Discussion in 'ESET Smart Security' started by jonkoer, Oct 23, 2009.

Thread Status:
Not open for further replies.
  1. jonkoer

    jonkoer Registered Member

    Joined:
    Nov 28, 2007
    Posts:
    30
    At about 5:00AM, Smart Security popped up, saying it had quarantined a c:\Windows\system32\CMCFG3.DLL file, which was planning to run at system startup, and which contained the Delf.OAX.Trojan. My initial reaction was to be thankful that Eset had caught it. But then, ...

    The file's Created timestamp showed that it had just gotten installed 5 hours prior, 10/23/2009 12:32AM (today).

    I have an automatic backup program which ran at 4:08AM and made a backup copy of the file before ESS detected & quarantined it.

    So I had ESET scan the backup copy - but it found NO infection.

    I then restored the original file from quarantine, to check it. An ESS scan now found it to be clean!!

    CAN ANYONE TELL ME WHY IT DETECTED a Delf.OAX.trojan, THEN A FEW MINUTES LATER SAYS FILE IS CLEAN!!!!

    I also found another file in \system32 folder, named CBLCAT.DLL, which is the same size (116K), and which was created at 12:59AM, shortly after CMCFG3.DLL got installed. Sounded suspicious, so I did a binary compare -- the files differed in only two bytes! VERY Suspicious... But an ESET scan of this file says it is not infected.

    What is going on here? How can a file be infected one minute and clean the next? (Eset did NOT say it had CLEANED the infection, just deleted and quarantined it. -- And in any case, I have a pristine backup copy of the file made an hour before Eset Alerted on it, which Eset now says is clean.

    I did submit the file to Eset, and I'm creating a Support Ticket about this, but based upon my recent experience with Eset Tech Support, I doubt that I will hear anything back from them, so I'm hoping that someone here might be able to shed some light on this question.
     
  2. Marcos

    Marcos Eset Staff Account

    Joined:
    Nov 22, 2002
    Posts:
    14,374
    Probably the dll was detected by more sensitive heuristics employed by the startup scanner. Once it's been quarantined and all related references to it removed from the registry, your computer was clean. Dlls themselves are not malicious, you cannot run them alone. A problem would be if you scanned a file with the on-demand scanner using same settings twice in a row and it'd give different results.
     
    Last edited: Oct 23, 2009
  3. jonkoer

    jonkoer Registered Member

    Joined:
    Nov 28, 2007
    Posts:
    30
    Eset told me that it quantined the .dll file. It did not say anything about having removed all references to it in the registry. So if I restored the file, then it should have been detected as a threat again.

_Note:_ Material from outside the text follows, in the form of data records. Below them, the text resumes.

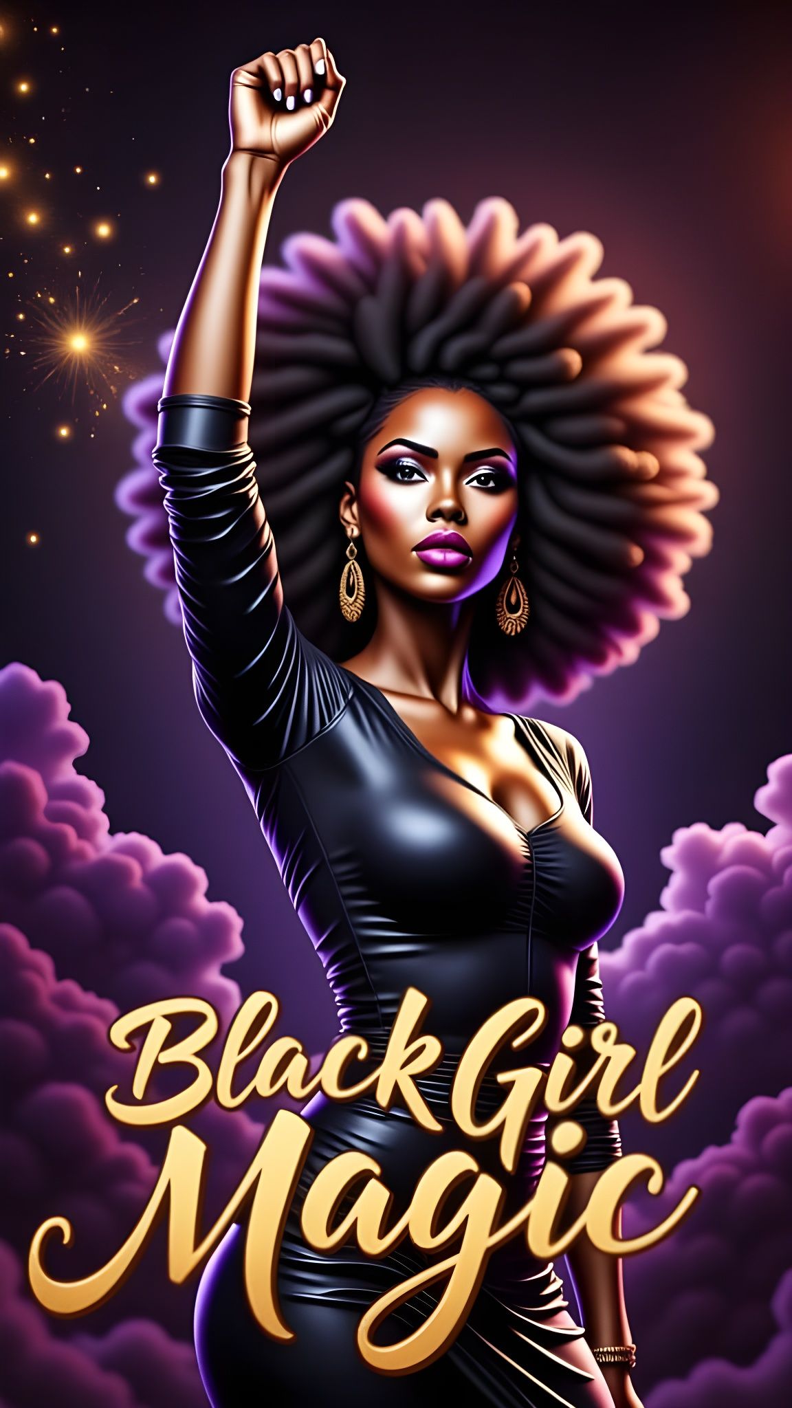 This image shows a powerful portrait of a young Black woman raising her fist, symbolizing strength. Swirling energy and golden text enhance the dramatic, detailed digital illustration.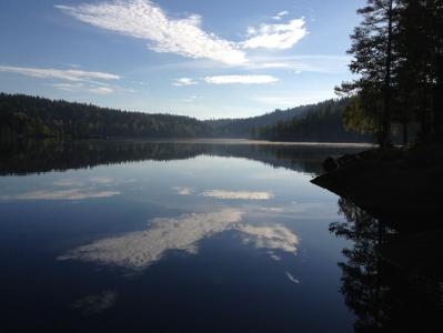 Da var det endelig tid for tur i marka igjen. Etter å ha vært tidlige ute med permisjonssøknad i tre eksemplarer til fruen, kopi til barna og en til arkivskapet, var helgen 6. - 8. september spikret. Fruen la inn et par host, og mumlet noe om "hanglende unger", men gubben bar bestem på at nå, NÅ, skulle han på tur. Planene var lagt, Fjellforum skulle ha septembertreff og flerfoldige personer skulle møtes i marka på lørdag og padling. Jeg ville ha inn litt ekstra, og la i vei rett fra jobb på fredag. Startsted var Oslo S, med 40 minutters togtid til Hakadal stasjon. Gangstart halv seks om kvelden, målet var Elvann, ca 5 km inn i marka. På vei opp fant jeg frem et par gåstaver jeg hadde funnet i kjelleren. Det snakkes jo så varmt på fremmedlandske blogger om at man skal bruke staver også om sommeren, jeg tenkte dette kunne være en god anledning til å prøve. I tillegg hadde jeg kun med tarp, og stavene kunne jo brukes som støttestenger for tarp hvis nødvendig. Vel fremme ved Elvann. Ikke en sky på himmelen, ikke et vindpust og marka helt for meg selv. Skulle prøve å sette opp tarpen, men det selvprodusert bardunfeste røk (slik REs så innsiktsfullt hadde advart mot i annen post her på forumet). Satte så opp tarpen som presenning for å ha prøvd det. Lørdag, fortsatt helt knall vær. Overrasket over mygg i september, men man skal ikke klage når alt annet stemmer. Gikk sørover fra Elvann over Eriksknatten, passerte Store Hyttetjern og Karlshaug naturreservat. Et område med god sti, men fortsatt bare meg selv og ingen andre på tur utenfor vei. Tenkt det. Nordmarka helt for seg selv en knallfin helg i september. Noen høstfarger hadde såvidt meldt sin ankomst. Måtte gå på, da jeg skulle møte hordene av andre ivrige Fjellforumsbrukere ved Bjørnholt. Jeg la veien om Fløyta, Tømte og Liggern. Mellom Liggern og Gåslungen ble jeg tatt igjen av flere løpere med nummer på magen, Nordmarkstravern ble visst arrangert denne helgen. På Bjørnholt kom turens nedtur. Kun initiativtager og meg selv som skulle overnatte (@tronn) og en til på ettermiddagsbesøk (@hestehov). En slik helg i marka skal du lete lenge etter, lang nese til alle dere som ikke fikk dette med dere... Bjørnsjøen var blikkstille. @tronn hadde skaffet kano og vi kunne legge ut på bøljan blå. Vi fant en øy, hentet @hestehov (som viste seg å være en trivelig fransk jente med utmerkede norskkunnskaper etter to år i landet), og fant oss ett sted for middag. Guinessbokser kan brukes til så mangt, denne funker utmerket som rødspritbrenner. Endelig noe jeg har mekka selv som virker. Natt til søndag ble tilbragt uten tarp eller telt, ikke behov for dette. Søndag morgen var en av de mest fabelaktige jeg har sett på Bjørnsjøen noen gang. Vanskelig å legge til bilder fra dette når man bare har Iphone. Returen gikk til Sognsvann, sjokkfølelse når man dukker ut av skogen og blir omringet av søndagsturfolket som ikke kjenner stienes gleder (og kanskje er ute like mye for å bli sett, som å se). Takk for et bra initiativ @tronn, og et hyggelig bekjentskap.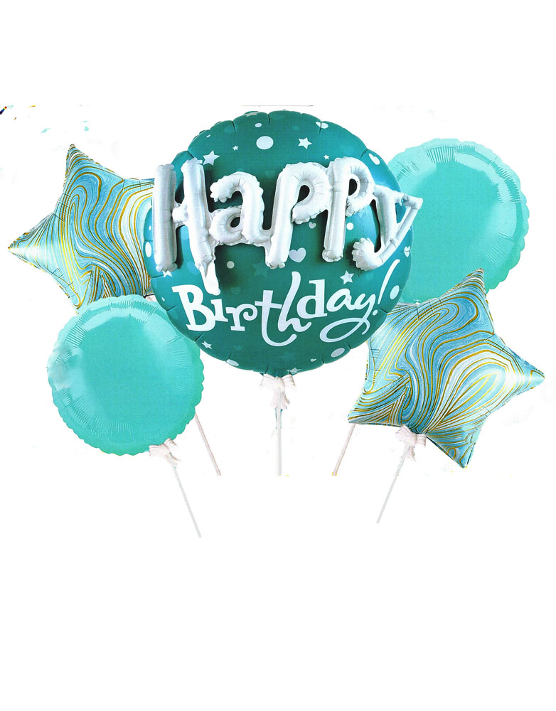 3D Happy Birthday Foil Balloon Set-Turquoise Color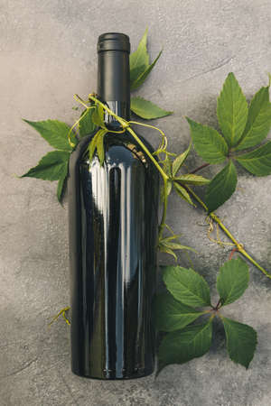 Bottle of red wine and green vine on vintage dark stone table background. Top view copy space for text. Wine shop wine bar winery or wine tasting concept.

    It's not the references to a .dll in the registry that are harmful. It's the .dll file that does the harm, when it runs.

    Let's imagine that some standard Windows component .dll file has been maliciously replaced by a bad .dll with the same name. If Eset removes all references to it in the registry, then when I replace the bad (now quarantined) .dll file with the legitimate one, well, it's not going to work correctly because Eset removed registry references to it. So it seems to me that would not be a very smart way to deal with an infected, bad .dll file.

    Where does Eset show me which registry entries it removed? If indeed it did so.
     
  4. Marcos

    Marcos Eset Staff Account

    Joined:
    Nov 22, 2002
    Posts:
    14,374
    This is a wrong assumption. Once a file is cleaned, all references to it are removed from the registry. This is not logged as a separate action as it's part of the cleaning process. Once the references have been removed, the dll was no longer registered in the system and run (e.g. injected in another process).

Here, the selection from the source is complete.